Music has conventionally assumed a critical part of African culture. It is paramount in characterizing the great African tradition and its significance is apparent in many facets of the entire civilization. Dissimilar to other lifestyles today, ancient African heritage incorporated music into their everyday lives.
As a matter of fact, African music is often described as a total form which is intimately connected to dramatization, dance and gesture. It spreads through African life and has a function in religious ceremonies and rituals. Notably, African is utilized to not only tell stories and provide political guidance but also mark the phases of life and death as well as state dissatisfaction.
In addition, it also serves as a medium of entertainment for masquerades and ceremonial festivals. More often than not, performances by ancient African musicians are long and include the participation of the spectators.
Customarily, African musicians made use a wide range of sounds which are sometimes confronting and emotionally-driven but not appealing to the ears. It is also important to note that their singing style is loud and resonant but can be accompanied by other sounds. Likewise, their singing style can also be extremely harmonious when musicians decide to use an acapella.
Other than using the singing voice, African music also involves the use of a wide variety of musical instruments. Musical instruments include but are not only limited to slit gongs, drums, harps, xylophones and bows.
Nonetheless, it is essential to remember that African music has undergone continual and decisive changes throughout the centuries. What is known traditional music today is possibly very distinctive from African music in old times.

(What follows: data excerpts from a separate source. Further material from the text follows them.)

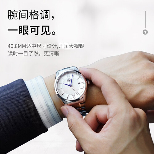 内部搭载的自动机械机芯,满动能可连续运行40小时左右,且走时更准确可靠。时尚大气的白盘设计,展现出都市男士稳重的气质。
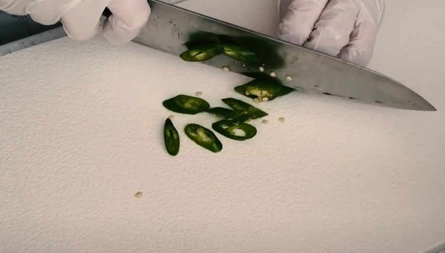 크래미를 꺼내 손으로 잘게 뜯어줘요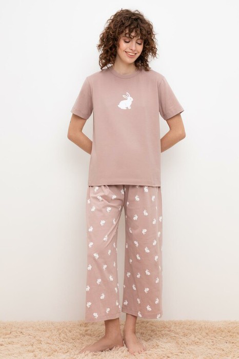 Комплект для сна и отдыха из натурального хлопка с добавлением лайкры. Футболка стандартной длины с принтомкомфортно садится по фигуре. Укороченные просторные брюки с карманами из набивного трикотажа с мягким поясом на резинке.
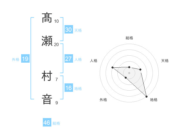 髙瀬 村音さんの地格は16画の5点!
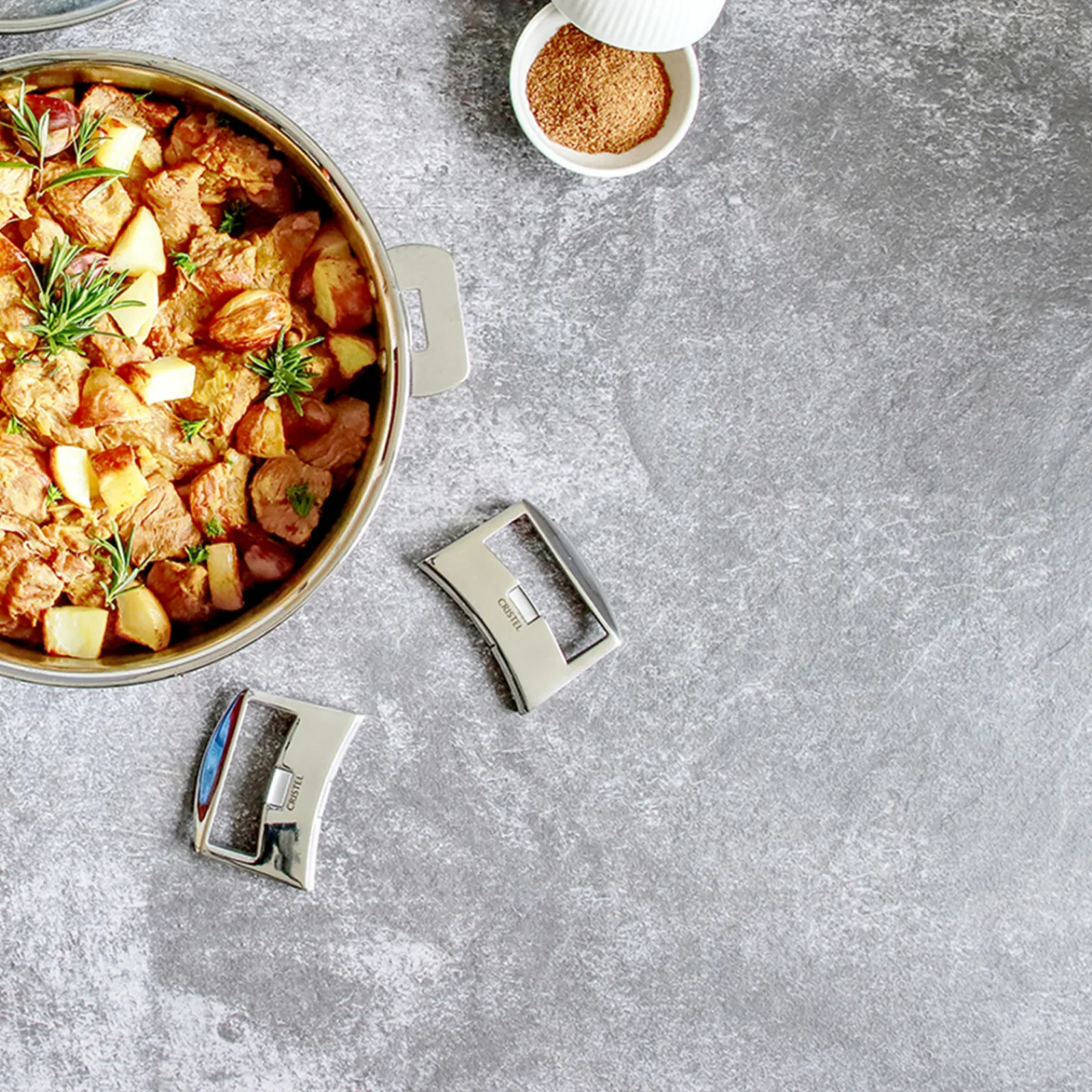 En fonte d’inox, avec un mécanisme inox, les anses amovibles Casteline assurent sécurité et modularité dans votre cuisine.

At present, many organizations in Africa are currently working towards preserving traditional music by going out on the field and recording the last practicing music artists of various traditional genres.
Interesting Facts about Ancient African Music
- Singing is as fundamental a role as speaking for most African people. In fact, ancient African mothers used to sing their babies on their backs as they work, dance and walk, therefore, creating a natural sense of rhythm.
- African music also made use of percussion instruments such as rain sticks, shakers, rattles, wood sticks and bells to accompany songs.
- African music is comprised of intricate rhythmic arrangement which often involves one rhythm played against another to come up with a polyrhythm. The most popular type of polyrhythm plays three beats on top of two notes.
- Another unique characteristic of African music is its call-and-response complexion wherein one voice or instrument plays a short yet melodious phrase and the phrase is consequently is resonated by a separate instrument or voice.
- African music also concentrates more on improvisation. Musicians can use drums to devise new patterns over the static original systems.
- Some of the earliest African musical instruments are made of vegetable materials.
- African music can also be used to pass literature, communicate with spirits and welcome heroes of the war.
- The earliest sources of ancient African music were primarily gathered from archaeological sites.
What happened to traditional African music?
According to most historians, traditional African music has encountered many barriers to keep its significance in a globalized and technology-driven world. Often times, the blame falls on the lack of transcribed and archived musical documents in some of the most culturally-rich locations in the continent.
What are the most popular drums of African music?
Drums which are widely used in African music are water drums, djembe, talking drums, bougarabou and Ngoma.
How different is traditional African music?
African music is completely different from Western music as numerous parts of their songs do not necessarily have harmonious sounds. Instead, African musicians use the medium of sound to express the different aspects of life.
How large is the ancient African music culture?
During old times, it is believed that the musical heritage of sub-Saharan Africa expanded into North Africa.